EXTRACTED MATERIAL →
*-*-*

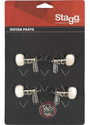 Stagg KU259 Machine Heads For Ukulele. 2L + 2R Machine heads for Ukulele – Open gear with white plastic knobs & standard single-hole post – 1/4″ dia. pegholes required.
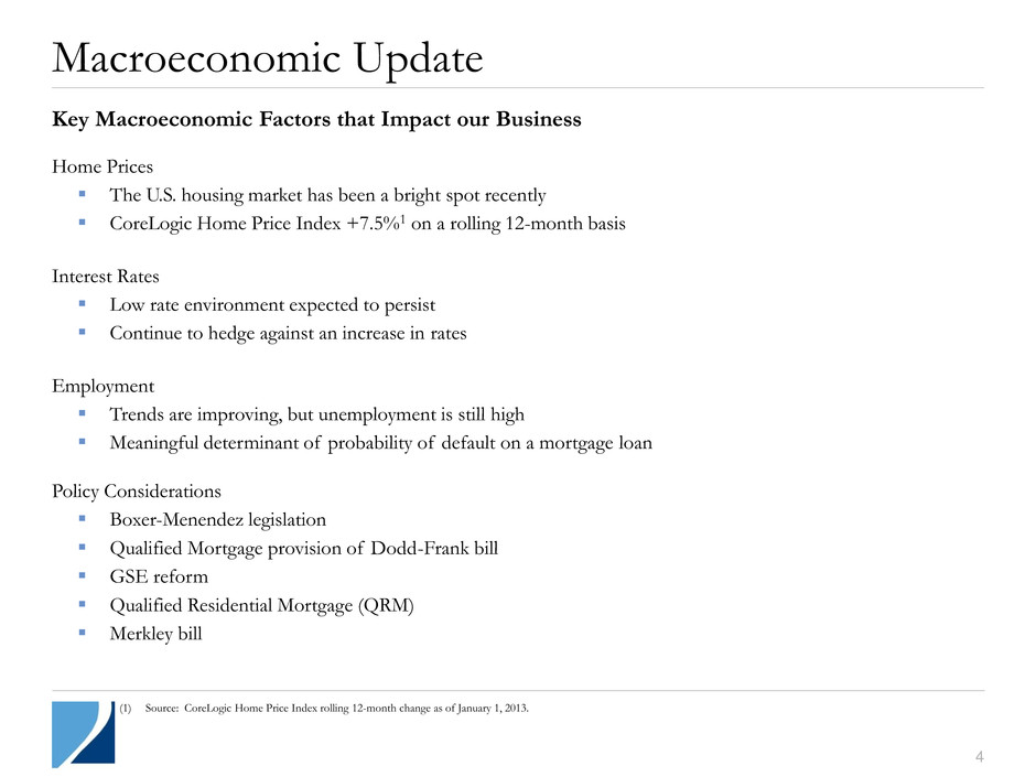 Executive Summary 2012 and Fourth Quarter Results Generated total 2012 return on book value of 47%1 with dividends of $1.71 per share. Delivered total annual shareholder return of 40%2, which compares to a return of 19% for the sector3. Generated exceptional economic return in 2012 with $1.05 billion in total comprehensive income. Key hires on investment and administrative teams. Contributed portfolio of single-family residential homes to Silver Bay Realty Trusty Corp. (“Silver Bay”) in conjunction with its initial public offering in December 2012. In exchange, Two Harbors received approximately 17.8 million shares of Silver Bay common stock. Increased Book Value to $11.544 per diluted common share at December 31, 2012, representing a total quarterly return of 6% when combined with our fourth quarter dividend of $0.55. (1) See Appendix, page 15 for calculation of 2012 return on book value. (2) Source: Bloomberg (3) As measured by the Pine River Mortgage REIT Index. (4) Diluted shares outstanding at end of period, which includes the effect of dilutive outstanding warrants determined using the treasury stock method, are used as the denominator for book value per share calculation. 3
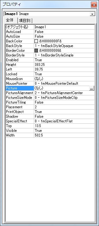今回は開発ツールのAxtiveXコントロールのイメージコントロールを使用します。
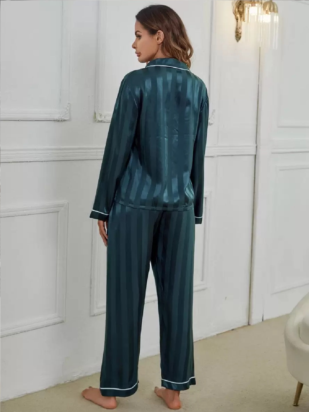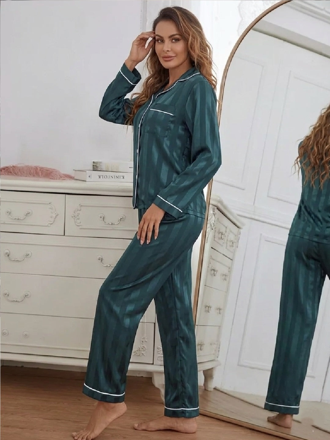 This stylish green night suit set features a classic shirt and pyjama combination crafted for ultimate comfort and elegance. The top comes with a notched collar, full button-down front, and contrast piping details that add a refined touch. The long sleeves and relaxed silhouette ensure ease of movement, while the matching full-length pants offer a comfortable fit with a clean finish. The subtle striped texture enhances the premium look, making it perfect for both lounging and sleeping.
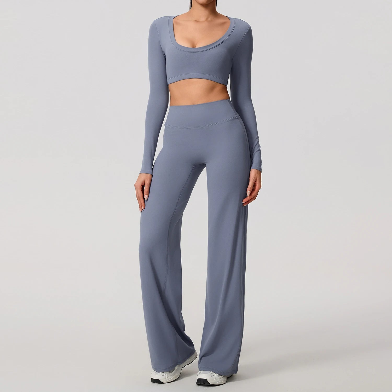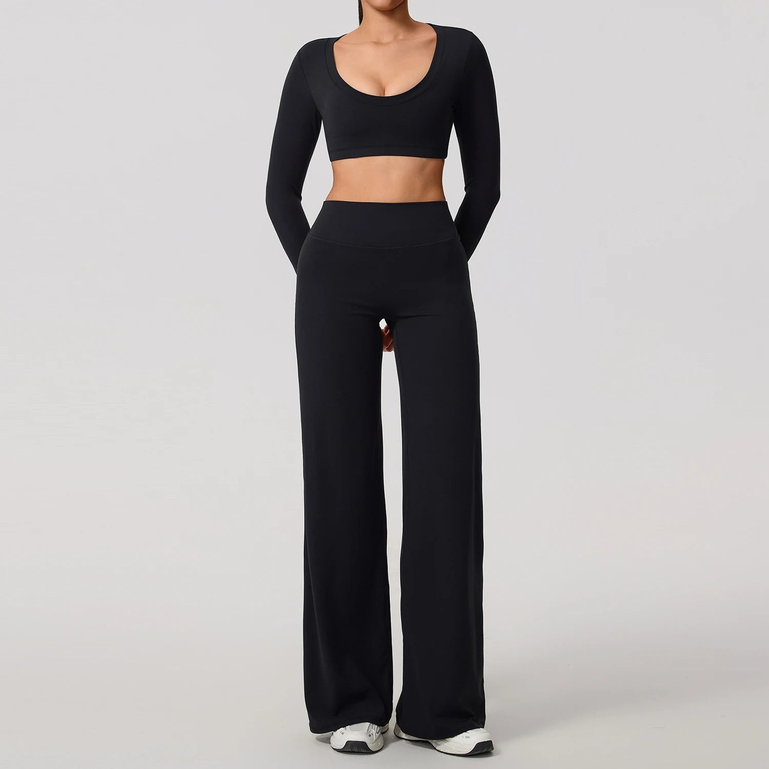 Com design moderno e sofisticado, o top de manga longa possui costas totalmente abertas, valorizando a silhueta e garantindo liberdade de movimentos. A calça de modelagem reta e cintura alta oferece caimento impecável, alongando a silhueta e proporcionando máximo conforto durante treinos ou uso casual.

*-*-*

WHAT TO PRODUCE → Skip the images and set down the rest of the data unchanged.

ANSWER TO THE EXERCISE →
 Stagg KU259 Machine Heads For Ukulele. 2L + 2R Machine heads for Ukulele – Open gear with white plastic knobs & standard single-hole post – 1/4″ dia. pegholes required.
 Executive Summary 2012 and Fourth Quarter Results Generated total 2012 return on book value of 47%1 with dividends of $1.71 per share. Delivered total annual shareholder return of 40%2, which compares to a return of 19% for the sector3. Generated exceptional economic return in 2012 with $1.05 billion in total comprehensive income. Key hires on investment and administrative teams. Contributed portfolio of single-family residential homes to Silver Bay Realty Trusty Corp. (“Silver Bay”) in conjunction with its initial public offering in December 2012. In exchange, Two Harbors received approximately 17.8 million shares of Silver Bay common stock. Increased Book Value to $11.544 per diluted common share at December 31, 2012, representing a total quarterly return of 6% when combined with our fourth quarter dividend of $0.55. (1) See Appendix, page 15 for calculation of 2012 return on book value. (2) Source: Bloomberg (3) As measured by the Pine River Mortgage REIT Index. (4) Diluted shares outstanding at end of period, which includes the effect of dilutive outstanding warrants determined using the treasury stock method, are used as the denominator for book value per share calculation. 3
今回は開発ツールのAxtiveXコントロールのイメージコントロールを使用します。
 This stylish green night suit set features a classic shirt and pyjama combination crafted for ultimate comfort and elegance. The top comes with a notched collar, full button-down front, and contrast piping details that add a refined touch. The long sleeves and relaxed silhouette ensure ease of movement, while the matching full-length pants offer a comfortable fit with a clean finish. The subtle striped texture enhances the premium look, making it perfect for both lounging and sleeping.
 Com design moderno e sofisticado, o top de manga longa possui costas totalmente abertas, valorizando a silhueta e garantindo liberdade de movimentos. A calça de modelagem reta e cintura alta oferece caimento impecável, alongando a silhueta e proporcionando máximo conforto durante treinos ou uso casual.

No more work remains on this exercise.